Voltaire wants to dismantle the extreme according to which laughter springs from the sense of superiority and uses an anecdote from his childhood. He relates that when he was eleven years old he read Molière’s Amphitryon, a text that made him laugh uncontrollably. «Did I laugh with arrogance?» He asks the readers. And he remembers that when they are alone, people do not laugh out of vanity.

Immanuel Kant (1724 – 1804) maintains that laughable situations usually start from absurdity or inconsistency, something for which the human brain is not sufficiently prepared. The sender’s joke is followed by a moment of useless concentration by the receiver. The tension to which the mind is subjected unleashes laughter. The brain spends a considerable amount of energy trying to explain the nonsense, and laughter relieves its exhaustion.

The Prussian philosopher summed up by assuring that laughter appears when the expected suddenly becomes nothing. A feeling of disbelief, of disappointed expectation, which instantly leads to comedy. This is the gunpowder that triggers laughter according to Kant, who develops his thesis in Critique of Judgment (1760).

Although Sigmund Freud (1856 – 1939) rejected philosophy in many of his writings and statements, his contribution is unquestionable. Despite not being commonly considered a philosopher, his thought feeds modern philosophy in several ways.
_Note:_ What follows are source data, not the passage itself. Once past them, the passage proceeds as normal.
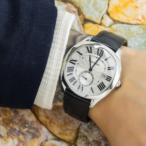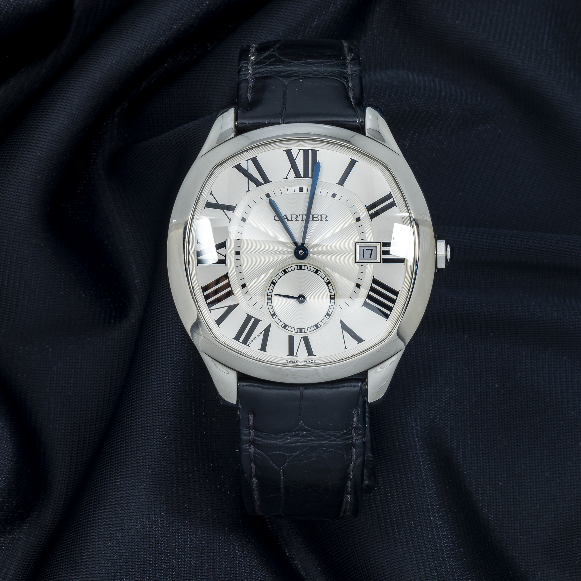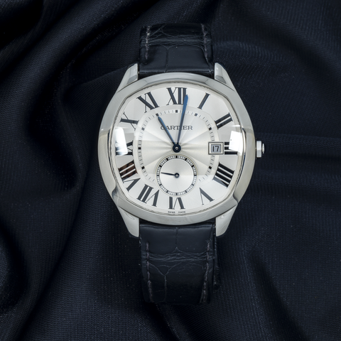 Cartier Drive WSNM0004 41MM Silver Guilloche Dial With Black Alligator Strap
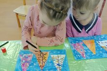 Өлкән төркем балалары кичке вакытта рәсем ясарга бик яраталар .Ә Яңа ел алдыннан балалар иҗатында иң яраткан һәм популяр темаларның берсе-кышкы пейзаж рәсеме. Балалар карандашлар, фломастерлар, буяулар ,төсле ручкалар белән рәсем ясыйлар. Әмма бүген алар рәсем ясау һәм аппликацияне бергә берләштерделәр . Беренче этапта ике биттән кәгазьне буядылар һәм зәңгәр һәм төрле төстәге фон алдылар. Аннары зәңгәр фонда мамык таякчыклары һәм ак буяулар ярдәмендә кар бөртекләре ясадылар, ә икенче биттән агач кистеләр һәм зәңгәр фонга ябыштырдылар. Менә шундый әкияти кышкы урман барлыкка килде.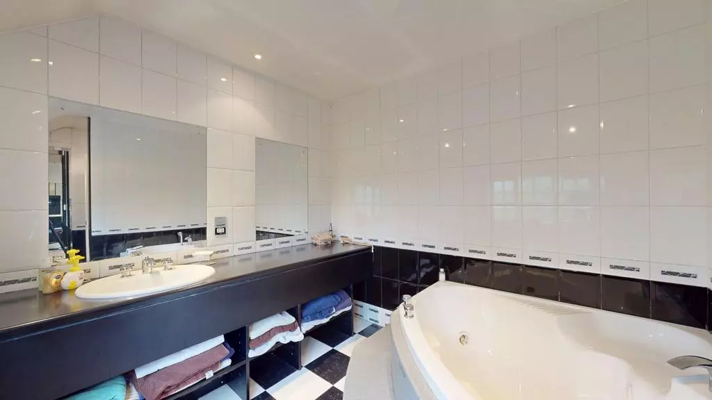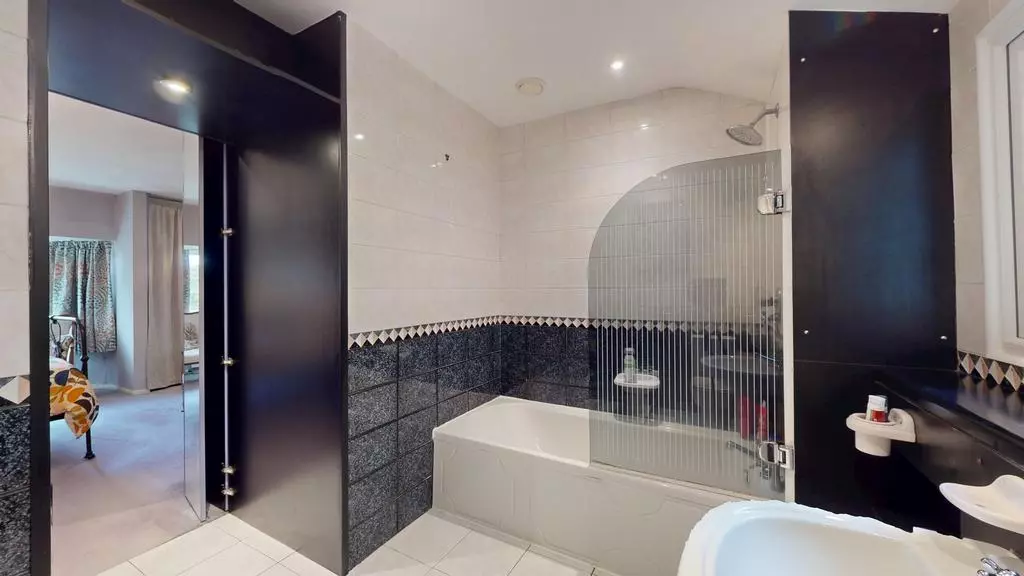 A half-turned staircase from the Reception Hall leads to the First Floor Landing where there are four double bedrooms, including a very good sized Master Bedroom which has a bay window to the front and mirror fronted floor to ceiling wardrobes to one wall which incorporate a secret door leading to an En-suite Bathroom. The En-suite is fully tiled and fitted with a white, four-piece suite comprising a panelled bath with shower over and screen, pedestal wash basin, low-suite WC and bidet, complemented by a tiled floor and window to the rear. The Family Bathroom is also fully tiled, with a tiled floor, and fitted with a three-piece white suite comprising a raised corner bath, vanity wash basin and a shower enclosure with a tiled interior, and there is a window to the front. Adjacent to the Bathroom, there is a Separate WC fitted with a low-suite WC and a vanity wash basin, complemented by a tiled floor and window to the front.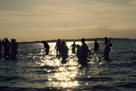 Avslutningsvis blev det uppställning i vattnet. Foto: Anita Enberg.

This Austrian psychologist and thinker attributes to laughter the ability to free the body of negative energy.

His book Jokes and Their Relation to the Unconscious (1905) classifies jokes into two main groups: innocent and tendentious. In it, Freud examines the nature of the joke, attributing darkly emancipatory qualities to it. Through comedy, the comedian and his audience approach the forbidden without suffering consequences. Taboo topics related to sexuality or eschatology are aired with intimate satisfaction. The double entendre, the mockery, the libido, converge in the middle of the laughter. “Aggression and general hostilities about an ethnicity in a society can be freely expressed through the joke”.

As the title of the book indicates, the role of the unconscious repeats in this approach to Freud. Which characterizes most of his creation.

For Ludwig Wittgenstein (1889 – 1951), philosophy is a method of analysis closely linked to language, of which humor is an indivisible part. Some researchers consider him the founder of analytic philosophy. “Humor is not a mood but a way of looking at the world”: this is the beginning of a famous allusion by Wittgenstein to Nazi Germany, where political jokes were banned.

According to this Austrian philosopher, nationalized English, humor has the virtue of revealing that truth is an absurd concept in itself. Wittgenstein’s statement that a rigorous philosophical work should be structured with jokes is famous. The idea that one day everything will be known was very amusing to him.